Daphne Wright, a 73-year-old shop operator who lives in Rae Town in Kingston, says she does not want to leave her community she just desires to see it return to its former glory. - Ricardo Makyn/Staff Photographer
Rae Town residents are poor, but not in spirit. Despite living in a visibly impoverished ghetto community, most of the people of this popular area in Kingston have no desire to change their community, just their circumstance.
Meet Natakia McKenzie, a 12-year-old graduate of St. George's Girls' School, who will be enrolling in Camperdown High School this September. Her father was brutally murdered last year. When asked of the date of her dad's demise, the bright young girl in a fluent tone that suggested she had memorised it said, "November 8th, 2005."
When asked how her father died she replied, "Robbed, stabbed and shot" in his home just a stones throw away from where we were standing on an avenue called Fisher's Rowe.
Still, young Miss McKenzie does not desire to spend her childhood years anywhere else. She said the community spirit is what makes her want to stay. "The things that we do ... having stage shows, parties, dance ... " said Miss McKenzie.
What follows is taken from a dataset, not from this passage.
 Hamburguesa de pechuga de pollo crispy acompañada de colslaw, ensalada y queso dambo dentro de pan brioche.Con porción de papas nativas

Forty-two-year-old Joan Facey is also numbered among the faithfuls who refuse to leave the place she has called home for the last 32 years. "You have to stick to the evil weh you know 'bout...," she insisted.
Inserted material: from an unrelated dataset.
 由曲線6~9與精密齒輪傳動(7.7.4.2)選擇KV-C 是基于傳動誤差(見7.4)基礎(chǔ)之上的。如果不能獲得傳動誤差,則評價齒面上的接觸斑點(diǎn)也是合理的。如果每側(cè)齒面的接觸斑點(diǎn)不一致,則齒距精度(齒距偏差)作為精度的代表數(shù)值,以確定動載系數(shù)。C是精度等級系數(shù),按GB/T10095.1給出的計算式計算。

They do not want to leave but neither do they want to continue to live in a dilapidated community. So, they are crying out for some much needed development to take place in their community.
Change of address
On the other hand, Norma Blair, 51, expressed interest in changing her address. "I want to move out because I live in a big yaad ... I don't have toilet and bathroom for my personal self, we have to share," she said.
She took The Gleaner on a trek through a little track that led to the 14-house tenement setting where she lived. Most of the houses are Food for the Poor units, as fire destroyed the original structures some years ago. Miss Blair is a mother of three children, ages 18, 13 and 7, who all live with her in the one-oom house.
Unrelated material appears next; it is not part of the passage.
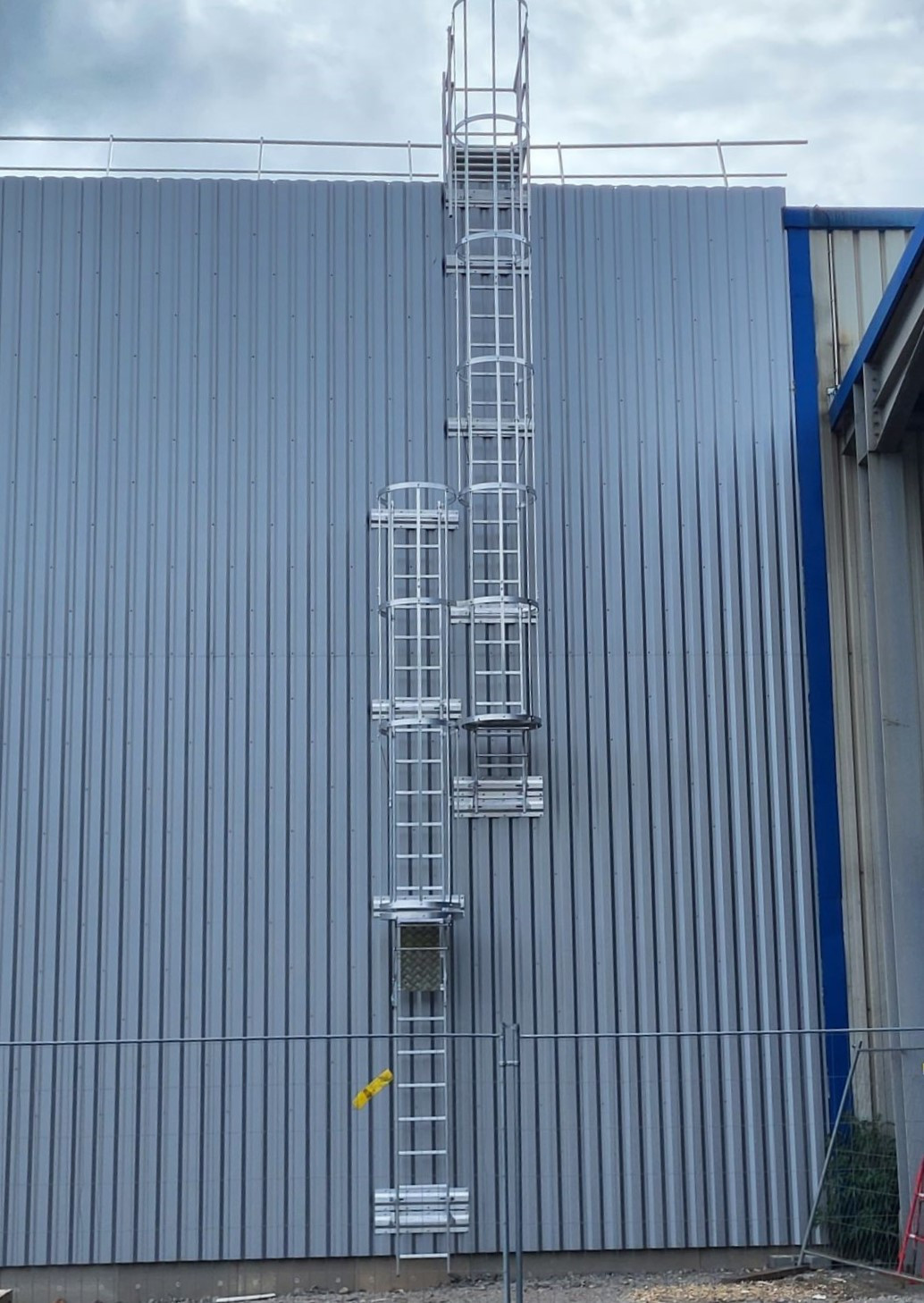 Nouvelle pose d'une échelle à crinoline en aluminium a double volée sur le bardage d'un bâtiment industriel avec une sortie passerelle pour passage d'acrotère et une demi-porte de condamnation et opercule.

When asked to affirm how difficult it was to make it from day to day, Ms Blair, with a hiss of the teeth said, "You see it, ah jus me and dem (her children)".
While wanting to leave the community because of personal discomfort, Miss Blair lauded the positive attitude with which the members of her community face the hardships life throws at them.
"It is a ghetto but is not everybody is really living the ghetto life, (be)cause I'm not living it. Definitely, I'm not living it. I am living above it," she stressed.
The outspoken Miss Blair continued: "Most of the people, ninety-eight (98) per cent of them are trying ... because there is nothing that is uptown that you can't find in a house here and you have people here that is in good jobs ... we have Customs (Officer) here ..."
"If you enter into that yard you find everything in there even AC (air-condition)," she added.
Violence
Joseph Bodden, a 57-year-old, Fisherman, told The Gleaner that a lot has changed in the community over the years. One of the changes is the sporadic violence that shatters the community's togetherness every time it raises its ugly head.
He also revealed that while there has not been much structural change, the occupants of the community have changed drastically.
He disclosed that in his days as a young boy many moons ago, Rae Town was inhabited by mostly Caucasians. But, that has changed too. "Some dead and some around same way enuh," he said nonchalantly.
However, the talk of Rae Town is the weekly oldies session. Every Sunday people from near and far flock to the poor community to bask in what many deem to be Rae Town's richest treasure. Miss Blair, classified the weekly sessions as a source of development. "You might hear about Rae Town's oldies but goodies...and this has been in progress for 28 years and it is now in the Guinness Book of Records and things like that," she said with much pride.